What’s Fair?

“But that’s not FAIR mom!”

Enter the basic Canadian sense of fairness to torpedo progress once again…

We have four daughters and are prepared every time one of the girls receives a concession, gift, compliment or favour to hear from the others “Where’s mine? That’s not Fair!” My response is usually “life isn’t fair guys:) You want the same thing? Go get it.”

A duty exists in the minds of Canadians that the playing field must be level at any cost, that equal opportunity is the same thing as equal results and must be treated the same?

But what if one of my girls works harder than the others and gets a result they don’t? If I fail to reward that one more than the others, do I not run the risk of keeping them from a destiny they could actually be proud of?

One employee is given a promotion and the outcry from the others? “That’s not FAIR!”. One company is given a contract and… One group given public praise and… One person wins a medal and…

We truly live in the day of levelling, but not levelling the playing field of opportunity, but the score clock, but there’s a night and day difference between the two.

Now maybe your dad was an insanely competitive psycho with a temper and pushed you too hard in hockey to realize his disappointed dreams of not making the big leagues? Your natural reaction might be to put your kids in fun hockey and that’s terrific. That’s not what I’m talking about.

I’m finding that our tendency now is a very socialistic one whose tendency is to remove the score clock altogether, but I would suggest that if we don’t teach our kids to keep score somewhere they will be ill prepared for the real world.

In the real world your employer doesn’t care if you “find yourself” at her business.

In the real world nobody’s kids go to college if you fail to bring the contract into your company.

In the real world you don’t (and it should be mentioned shouldn’t) marry your mom, who has this tendency to love you no matter what, and accept your ridiculous behaviour unconditionally. You don’t work for your mom. Nobody automatically likes you because they gave birth to you and have to because of what you cost them.


Your wife certainly won’t. You actually have to act like a grown up unless you enjoy sleeping on the couch.


My oldest girl has nearly unrestricted access to driving one of our vehicles. Why? Because she has a license and a pulse? Not in my home. She has the privilege because she’s earned it. And she can unearn it in about two seconds of not paying attention on the road, or with an error in judgement.

My next girl will be in a sort of competition with how well the first one has done. Ailish is a very different person than Arwen and I don’t expect her to excel, or maybe more accurately to be gifted in the same ways, but that’s not what we’re talking about.

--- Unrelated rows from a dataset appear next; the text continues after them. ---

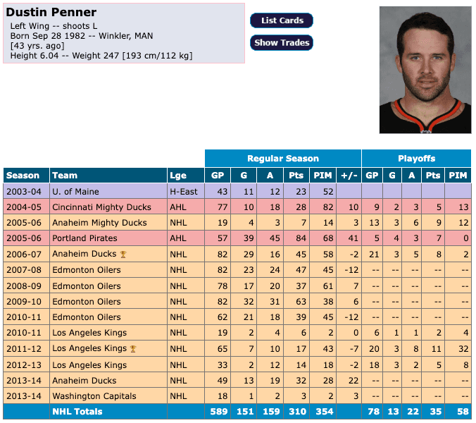 Penner later returned to the Ducks and finished his career with the Washington Capitals in 2014.
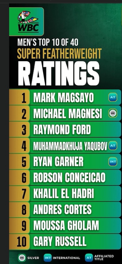 Sul ring anche O’Shaque Foster che metterà in palio la cintura WBC dei superpiuma contro Steephen Fulton (nella foto sotto, l’attuale situazione della categoria per il WBC).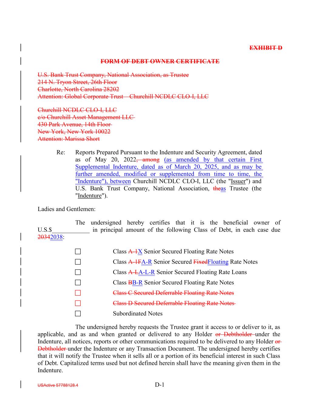EXHIBIT D FORM OF DEBT OWNER CERTIFICATE U.S. Bank Trust Company, National Association, as Trustee 214 N. Tryon Street, 26th Floor Charlotte, North Carolina 28202 Attention: Global Corporate Trust – Churchill NCDLC CLO-I, LLC Churchill NCDLC CLO-I, LLC c/o Churchill Asset Management LLC 430 Park Avenue, 14th Floor New York, New York 10022 Attention: Marissa Short Re: Reports Prepared Pursuant to the Indenture and Security Agreement, dated as of May 20, 2022, among (as amended by that certain First Supplemental Indenture, dated as of March 20, 2025, and as may be further amended, modified or supplemented from time to time, the "Indenture"), between Churchill NCDLC CLO-I, LLC (the "Issuer") and U.S. Bank Trust Company, National Association, theas Trustee (the "Indenture"). Ladies and Gentlemen: The undersigned hereby certifies that it is the beneficial owner of U.S.$____________ in principal amount of the following Class of Debt, in each case due 20342038: Class A-1X Senior Secured Floating Rate Notes Class A-1FA-R Senior Secured FixedFloating Rate Notes Class A-LA-L-R Senior Secured Floating Rate Loans Class BB-R Senior Secured Floating Rate Notes Class C Secured Deferrable Floating Rate Notes Class D Secured Deferrable Floating Rate Notes Subordinated Notes The undersigned hereby requests the Trustee grant it access to or deliver to it, as applicable, and as and when granted or delivered to any Holder or Debtholder under the Indenture, all notices, reports or other communications required to be delivered to any Holder or Debtholder under the Indenture or any Transaction Document. The undersigned hereby certifies that it will notify the Trustee when it sells all or a portion of its beneficial interest in such Class of Debt. Capitalized terms used but not defined herein shall have the meaning given them in the Indenture. USActive 57788128.4 D-1

We’re talking about learning a life skill called driving that nearly everyone is capable of learning, IF they want to work hard.

Ailish may have to work harder because she has more of a tendency to panic than her sister. But the bar itself will be in the same place: Be safe for others and a productive driver!

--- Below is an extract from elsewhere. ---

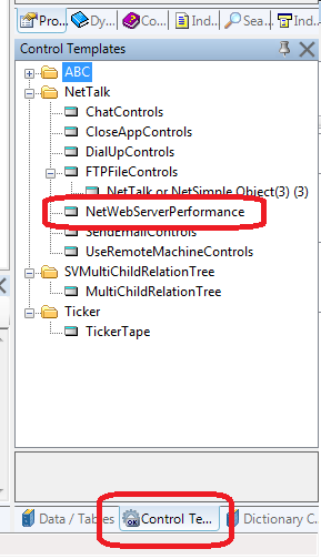 To apply the template, go to the WebServer procedure and make some space available. (Usually this is done by adding a SHEET control, and moving the existing logging controls onto a tab. Then create a second tab and populate the NetWebServer Performance Monitoring CONTROL template from the Control Templates list.

The bar in industry is in the same place.

The bar in a marriage is in the same place.

The bar in parenting is in the same place.

And it must be RESULTS driven, not an emotionally manipulative “anything goes because I’m a human and you make me feel bad when you suggest I’m not amazing!”.

It’s called competition, and it makes us better.

I don’t think with our change of provincial government anybody doubts our economy will become much more competitive? There’s another alternative to competition, and that’s a parallel reality where everyone loses. Everyone loses in marriage. Everyone loses their jobs. Everyone loses the morality of their kids.

Then we can all be equally miserable. But at least the person who failed because they didn’t give it everything they had will have some company. Be careful however, they will always blame the field for not being level.

I would suggest that great people are not born but rather MADE. I would also suggest that the greatest people the world has ever seen were rarely born with the silver spoon of fairness, results, opportunity or anything else.

Great people have simply learned to play on whatever field they find themselves on rain or shine, with whatever teammates they’re with today, married to the one they’re with and not the one they start wishing they were with (you’ll find out they’re just as human).

Great people are looking not for a personal win, but a win for their team whether their teammates are perfect humans or not. And when they win they give it away, they change it for the generation following.

Martin Luther King Jr was not born in perfect times, but I shudder to think what would have been if he would have sat down and whined about it. He competed against the baser instincts of mankind and called us to something higher.

He fought with the weapons he had. He put up with injustice to influence those who disagreed with him. He refused to take no for an answer. He preached one of the greatest sermons of all time and was murdered for his trouble.

He had to choose between what was fair for himself and what was right for you.

There are so many times you can’t have both.